Firesheep is a Firefox extension (.xpi) to sniff out cookies in unsecured wifi networks, and as simple as a double click – it logs you in as that person once it has sniffed out the cookie. I’ve tested it on Wireless@SG and IT WORKS! Firesheep sniffed out a few accounts within minutes of logging into Wireless@SG. So if you think you’re safe, think again.
Please note that I’ve only used Firesheep for testing purposes with no malicious intents but to educate the unaware.
In order to avoid this, use Wireless@SGx instead. I’ve tested it on Wireless@SGx and it doesn’t work on this network because it’s encrypted with a WPA2 Enterprise encryption.
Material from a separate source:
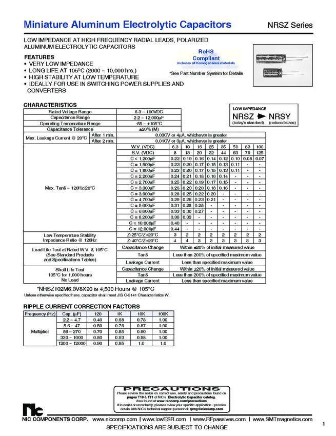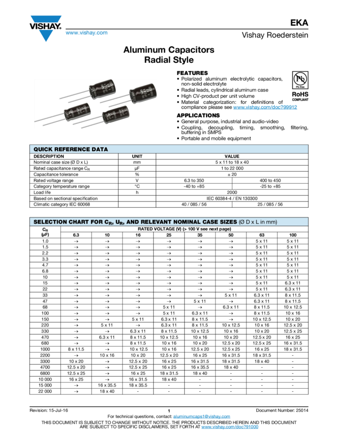 Cap Aluminum 2.2uF 63V 20% (5 X 11mm) Radial 2mm 60.3 Ohm 34mA 2000 hr 85°C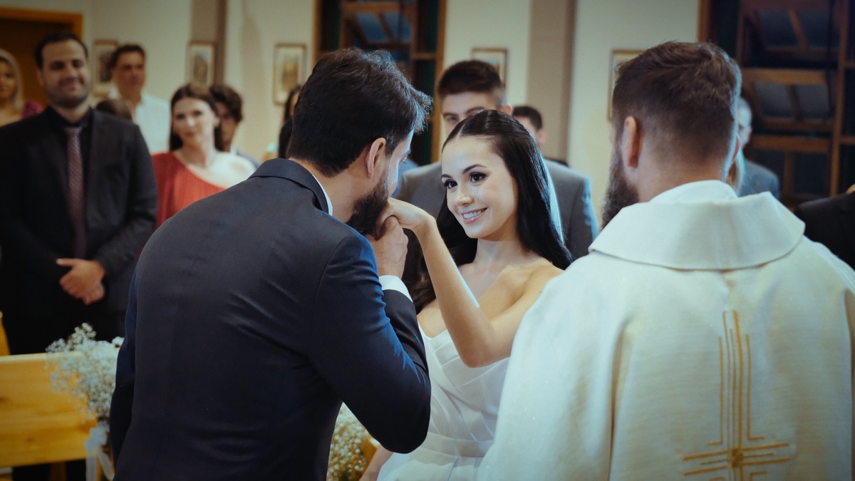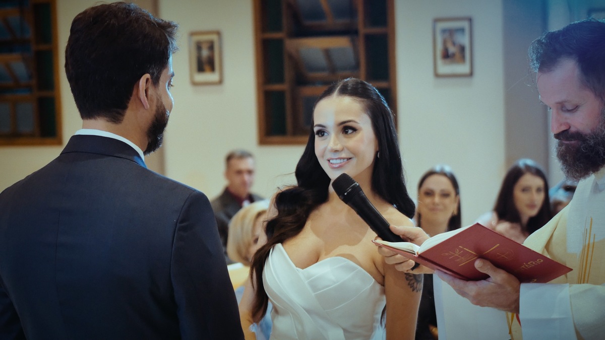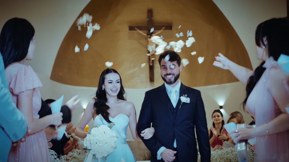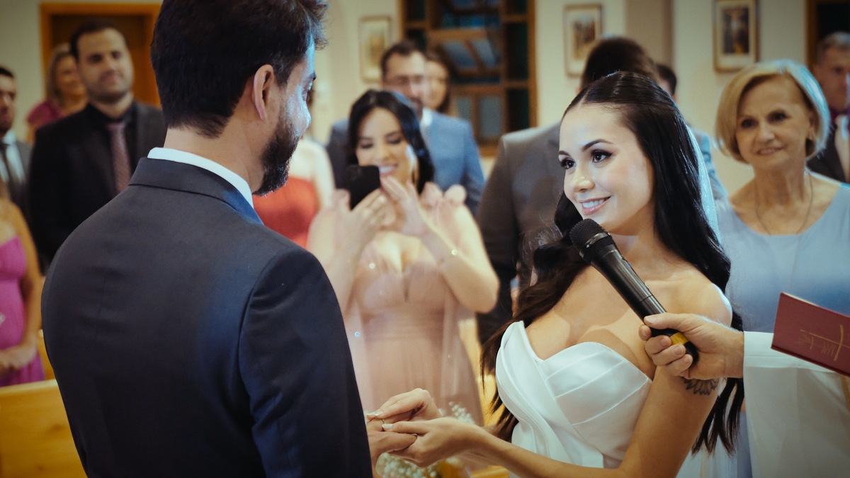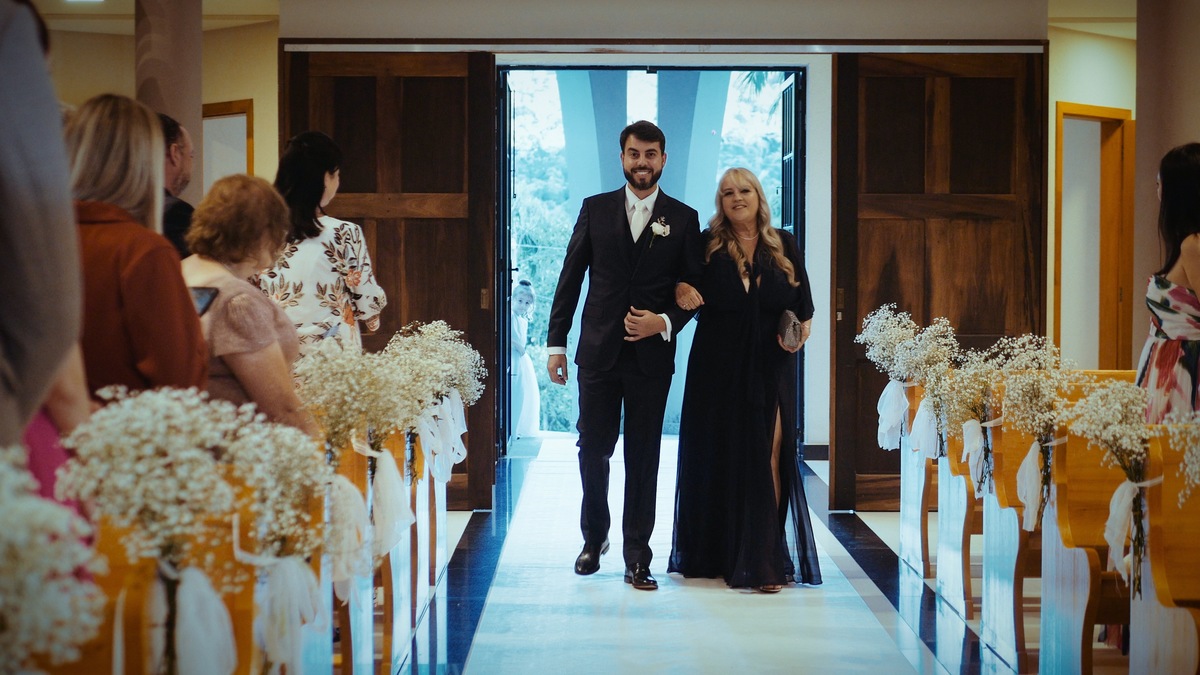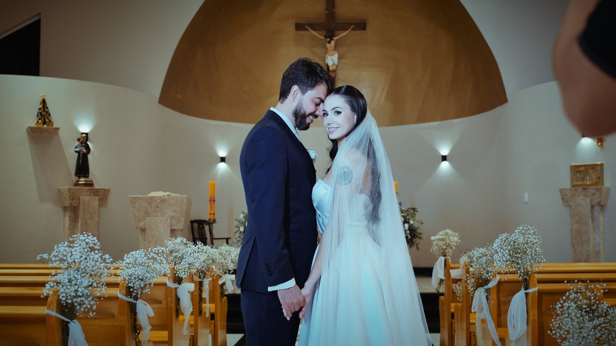 Um casamento tradicional realizado em igreja católica e no final o padre convida todos os padrinhos para subir no altar e deixar uma mensagem para todos.

If you’re an iCELL user, go to http://www.icellwireless.net/wsgx/user_guide/ to set up.
If you’re a SingTel/SingNet user, go to http://pas.singtel.com/wsg_connect/ to set up.
If you’re an M1 user, go to http://www.m1net.com.sg/wireless-sg/ssa/downloads.html to set up.
For those interested to check if it actually works, you can download Firesheep for Mac OS X and Windows. It will work for any OPEN networks (not encrypted).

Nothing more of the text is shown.